RS FM’de Yavuz Oğhan’ın hazırlayıp sunduğu 'Bidebunudinle' programında soruları yanıtlayan HDP’li Sırrı Süreyya Önder’e göre, işin özünde yargıya güvensizlik var ve bunu ilk dile getiren kendisi değil hükümete yakın gazeteler ile internet siteleri.
'YANLIŞ İŞ, YAPANIN AYAĞINA DOLANIR'
Yargılamalar sırasında çözüm sürecine ilişkin mahkemelerde ne söyleyeceklerini de anlatan Önder, şöyle konuştu:
"Hakim ve savcıları düzenledikten sonra bu dokunulmazlığı yürürlüğe koyacaklar diye bütün televizyon programlarında benim tespitim gibi sunuluyor ama hâşâ benim tespitim değil, bu hükümete yakın gazete ve internet sitelerinin yayınlarında var. “Anayasa değişince hükümeti zor durumda bırakmak için Kılıçdaroğlu veya Bahçeli tutuklanırsa” diye haber yaptılar.
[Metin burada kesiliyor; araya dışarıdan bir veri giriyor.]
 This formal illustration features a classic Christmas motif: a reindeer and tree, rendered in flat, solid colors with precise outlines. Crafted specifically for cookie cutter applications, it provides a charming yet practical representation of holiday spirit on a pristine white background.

Ben de bunu adalet bakanına sordum, dedim ki; bakın bu hükümet muhalifi bir yayın organında çıksaydı şöyle böyle diyebilirdiniz, üstelik haberde referans olarak da AK Parti’de üst düzey yetkililer gösteriliyor. Peki kripto bir cemaatçi denk gelirse nasıl olacak? Yani yaptıkları işin iler tutar bir yanı olmadığını göstermek istedim. Bugün de öngörülerimiz sezgilerimizin doğru olduğu ve bunların işbilmezlikleri çıkıyor ortaya. Eğer doğruluk üzerine bir işleyiş içinde değilseniz gelir bir yerde mutlaka ayağınıza takılır. Bu da böyle oldu."
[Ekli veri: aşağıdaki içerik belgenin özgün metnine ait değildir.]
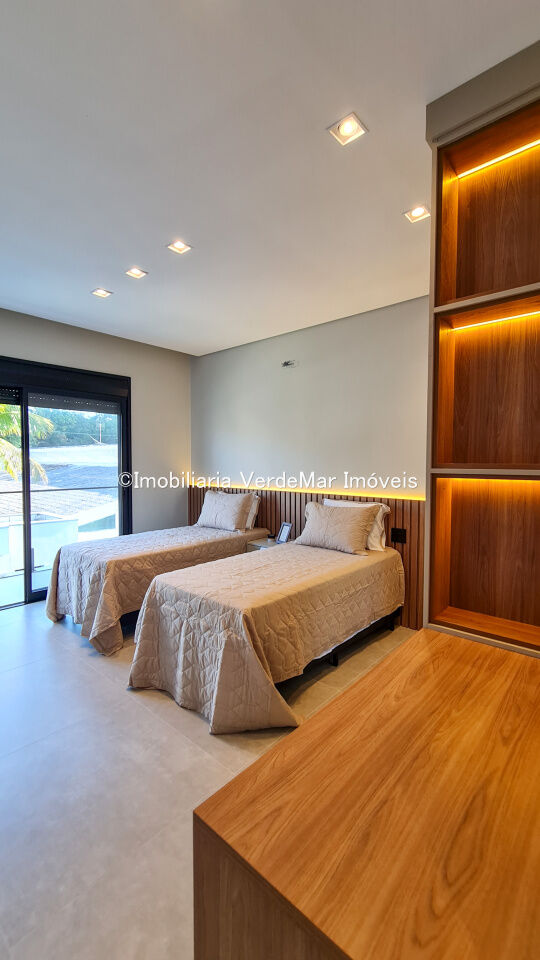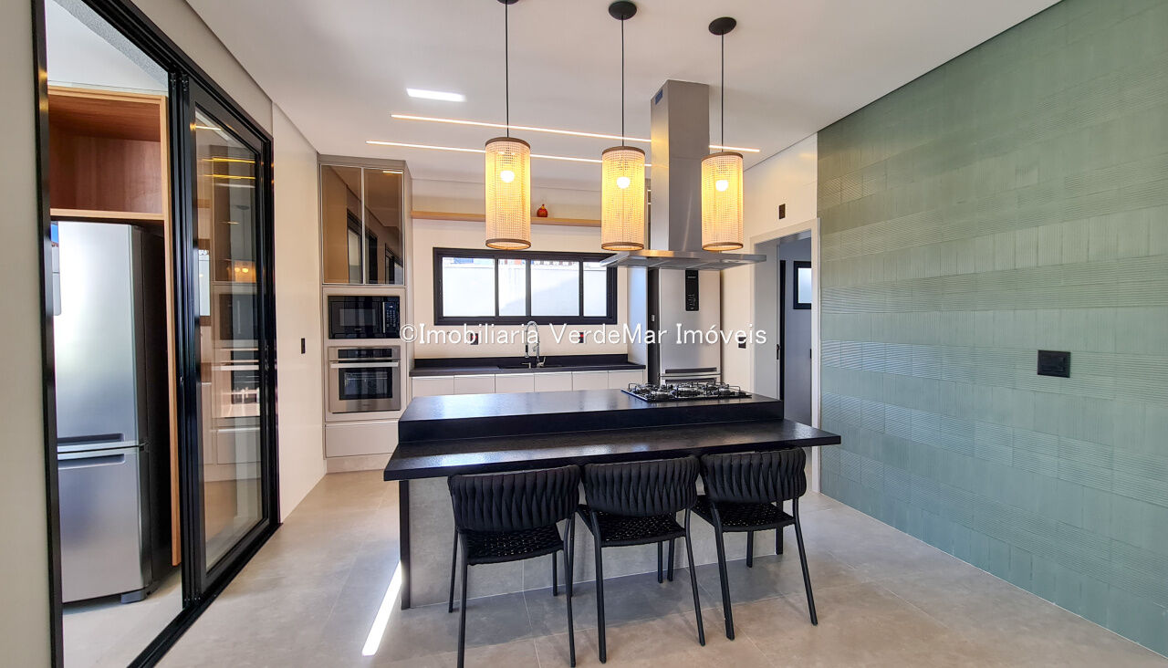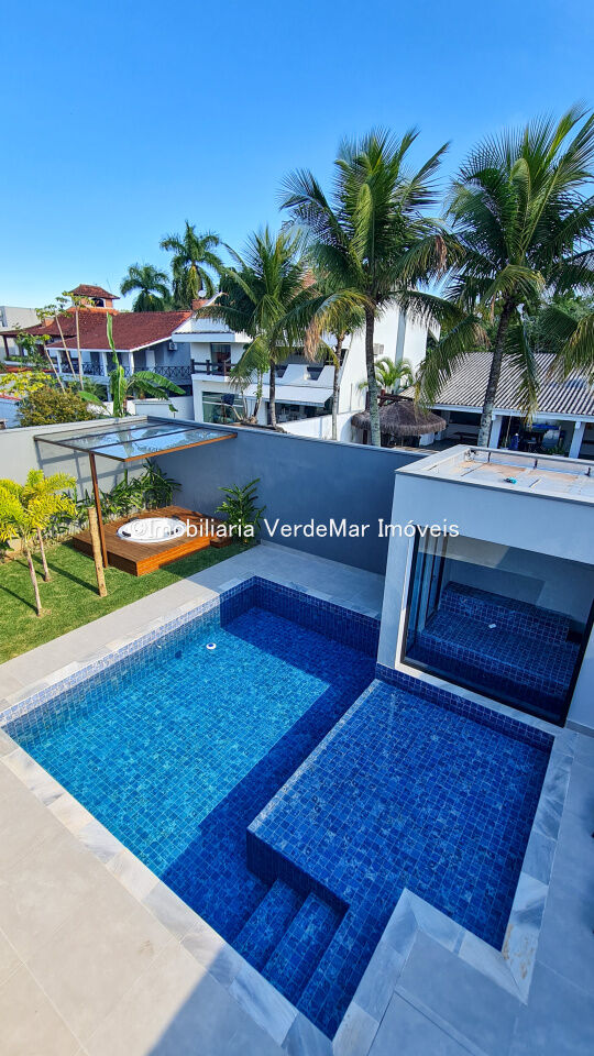 Casa nova frente praça à venda no Jardim Acapulco na praia de Pernambuco em Guarujá, com 06 suítes sendo 01 máster com closet, sala para 2 ambientes com varanda mobiliada, cozinha planejada e área de serviços.

'YARGIÇLARA GÜVENMİYORSANIZ DURUMUNUZ VAHİM'
Düzenlemenin hukukun temel ilkelerine, evrensel normlara aykırı olduğunu savunan Önder, kazanılmış haklar, kazanılmış hakların geriye yürütülememesi gibi temel ilkelerin eğilip büküldüğünü iddia etti. 'Herkes biliyor ama kimse itiraz etmiyor' diyerek düzenlemeye ses çıkarmayanları eleştiren Önder, “Başından beri uyarıyorum, bu işler böyledir, hukukla bu kadar oynarsanız, babanızın bostanı gibi, gelir bir yerde elinize yapışır, burada da böyle oldu” dedi.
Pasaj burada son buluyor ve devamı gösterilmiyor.